Vice magazine is growing a conscience. The new issue isn't as hilariously mean, especially the fashion DOs and DON'Ts: "This girl looks like she was abandoned in an alleyway at a young age and raised by garbage," which is pretty tame by Vice standards. It also features photo essays about black teenage mothers and kids in the child-sex trade, including a shattering letter from a 16-year-old Bucharest prostitute published without even a ghost of a smile.

The new Vice Guide to Travel DVD wears the same "We're still fun but we're slightly more reverent" cloak, which is more complicated and interesting than the "fuck all y'all fuckers" vibe that Vice has thrown out since its arrival in 1996. There are, of course, the requisite badder-than-thou moments—David Cross eating dog in China, a conspicuous correspondent (tall, blond, in a suit) getting shot at (or at least shot near) in a Rio slum, artist David Choe talking about his search for a dinosaur in Africa while naked Congolese hookers jump on a bed behind him, Vice cofounder Suroosh Alvi walking through the world's largest illegal arms market (in northern Pakistan), casually talking ballistics with jihadis.

But there's also the bad liberal conscience. The introductory paragraph in the accompanying booklet reads: "Sitting in our Western comfort, it's easy to forget that most of the world is hell. War, disease, famine, genocide, and poverty dot the globe like chunks of cancer. Basically, humans are fucked." There are segments on what's left of Chernobyl, how easy it is to buy a warhead on the black market in Bulgaria, and a harrowing piece on the "PLO Boy Scouts," training clubs where 8-year-olds learn to become suicide bombers. Basically, humans are fucked, but there's a nihilistic joy in watching the Vice crew cover the fuckédness in high style with a bitchin' soundtrack, ranging from rockers the Black Lips to Brazilian funk band Bonde Do Role.
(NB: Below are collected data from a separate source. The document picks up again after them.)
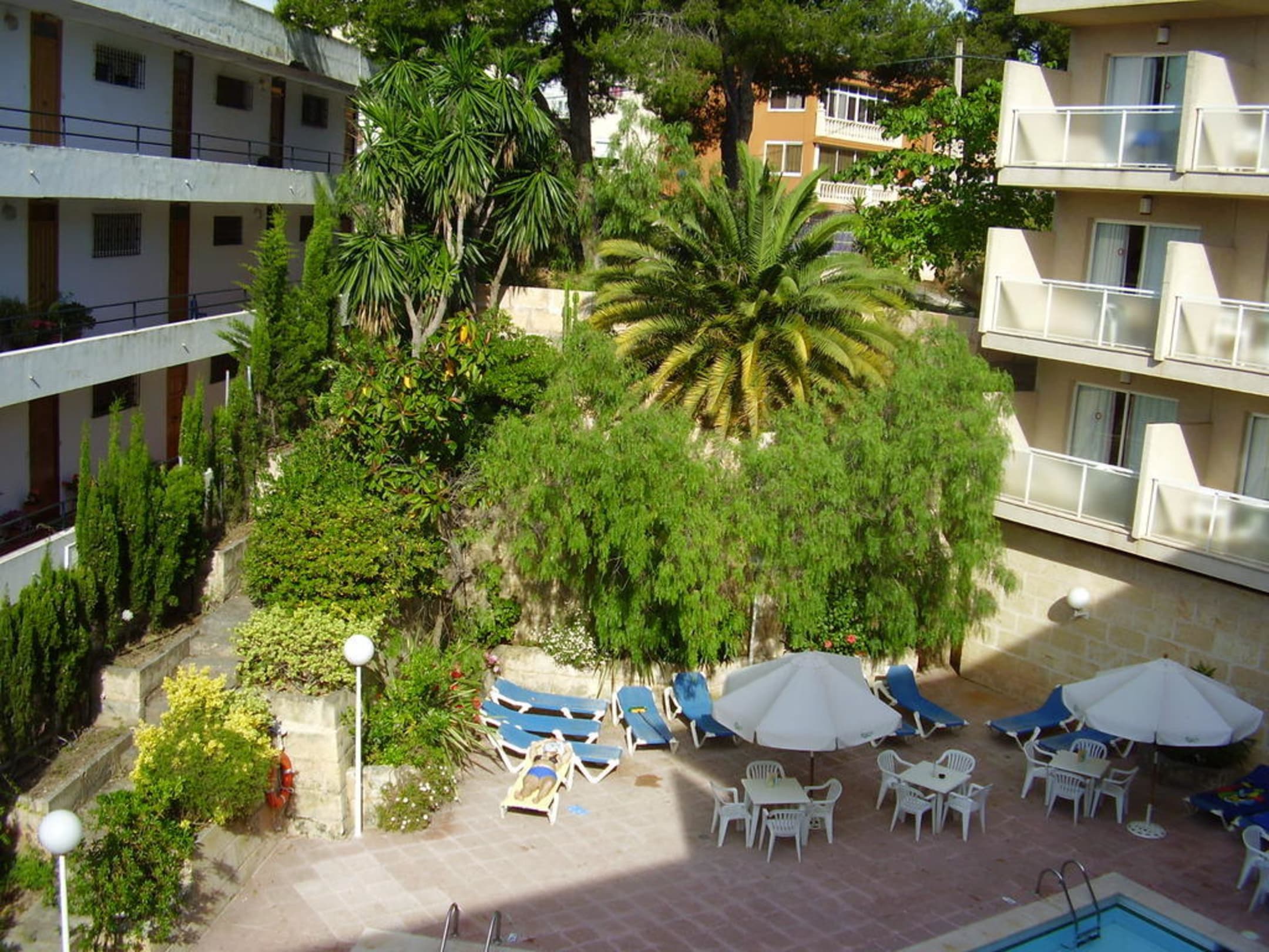 Das Foto entstand beim Blick von unserem Balkon in der zweiten Etage in den innenliegenden Poolbereich. Auf der rechten Seite sind weitere Balkons des Hotels zu erkennen, links ist ein Wohngebäude.
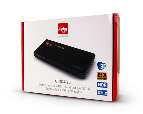 ALPHA ELETTRONICA SR - ALPCT304/25 HDMI® Splitter, 1 in - 4 out 4K@60Hz - HDR - With scaler - CT304/25
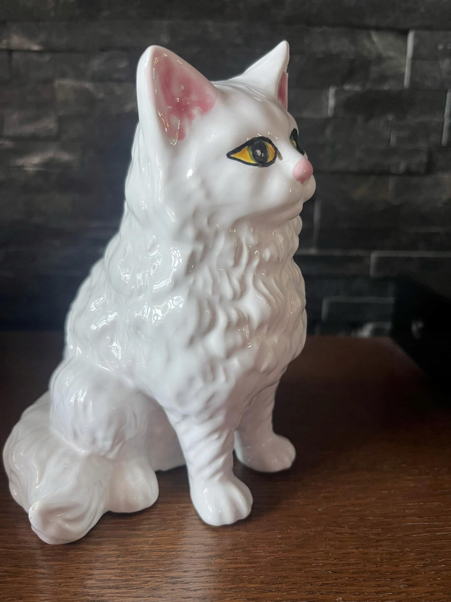 Белая фарфоровая кошка подписала фигурку
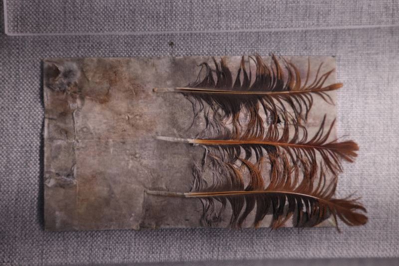 ▲北京焦庄户地道战遗址纪念馆展出的一封“鸡毛信”。信纸上贴一根鸡毛、两根鸡毛、三根鸡毛,分别代表不同的紧急程度,用于及时向组织传递信息。 资料图片
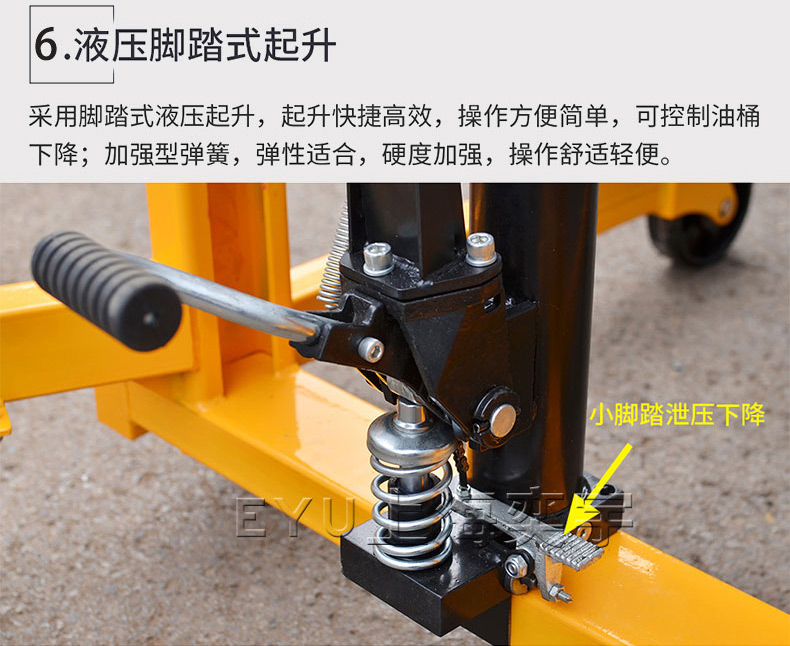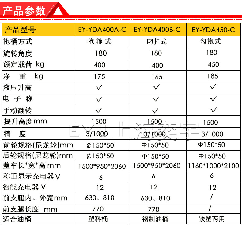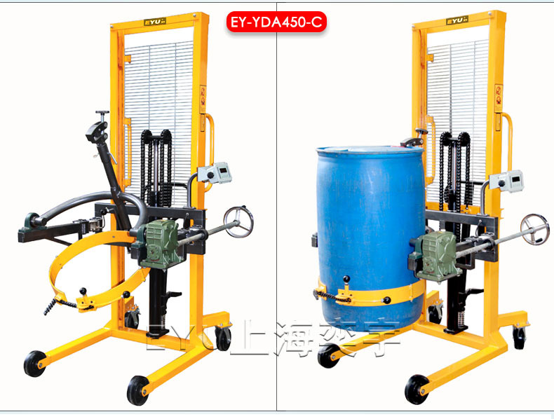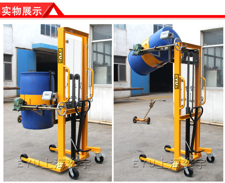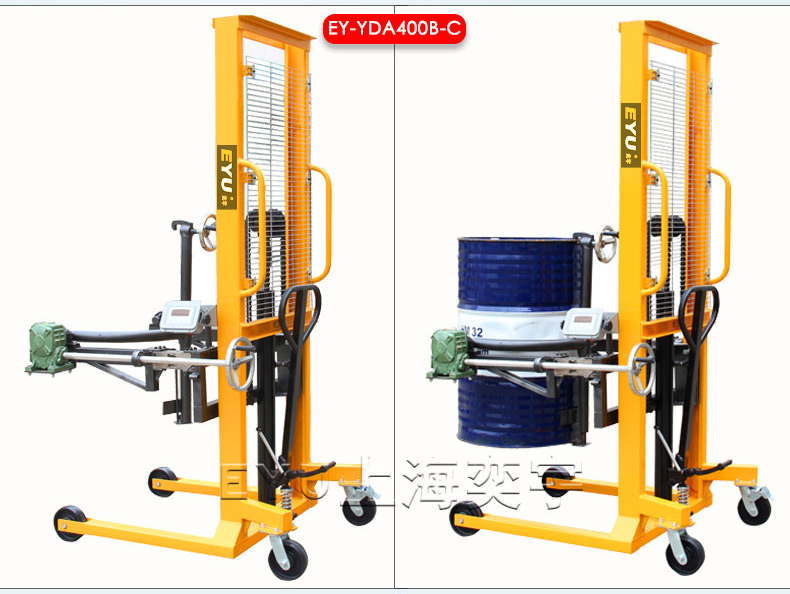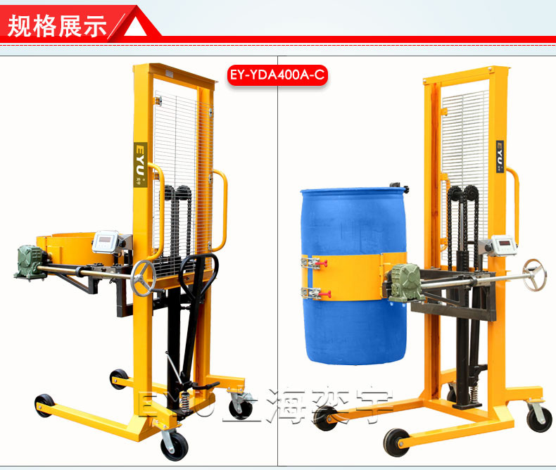 產(chǎn)品賣點:帶稱重功能油桶翻轉(zhuǎn)車有三款:EY-YDA400A-C叼扣式用于鐵桶400kg,EY-YDA400B-C抱箍式用于塑料桶450kg EY-YDA450-C夾抱式鐵塑兩用載重450kg三款都是升高1500mm.電子秤設(shè)立在側(cè)面,易觀察,稱重過后,你可以放心升高,內(nèi)部傳輸稱重數(shù)據(jù),升高降低,不影響稱重。適合油桶搬運、升高、稱重、倒料使用。

The biggest problem is a distracting sloppiness. This paragraph, from the booklet, is a tiny example of what's right and wrong with the Vice Guide to Travel, as well as Vice in general:

"The first time I experienced the war-as-party-time phenomenon, I had just turned 19 and had ended up in the former Yugoslavia by mistake (vodka and Cyrillic train schedules tend to fuck one up) right as the fighting broke out and the borders were closed. It was the best time of my life. Everyone thought they were going to die, so we got drunk, fell in love, fucked it, sucked it, took drugs, and fired off machine guns just to see the tracers fly into the hills like fireflies on jet fuel. It were loverly."

"Fireflies on jet fuel" is a great, evocative phrase. "Tend to fuck one up" is awkward. "It was the best time of my life" reads like lazy hyperbole. And "it were loverly" is an ugly, pretentious phrase that needs to be cut, as does the editor who let it go. But, on balance, it's a good, adventurous paragraph.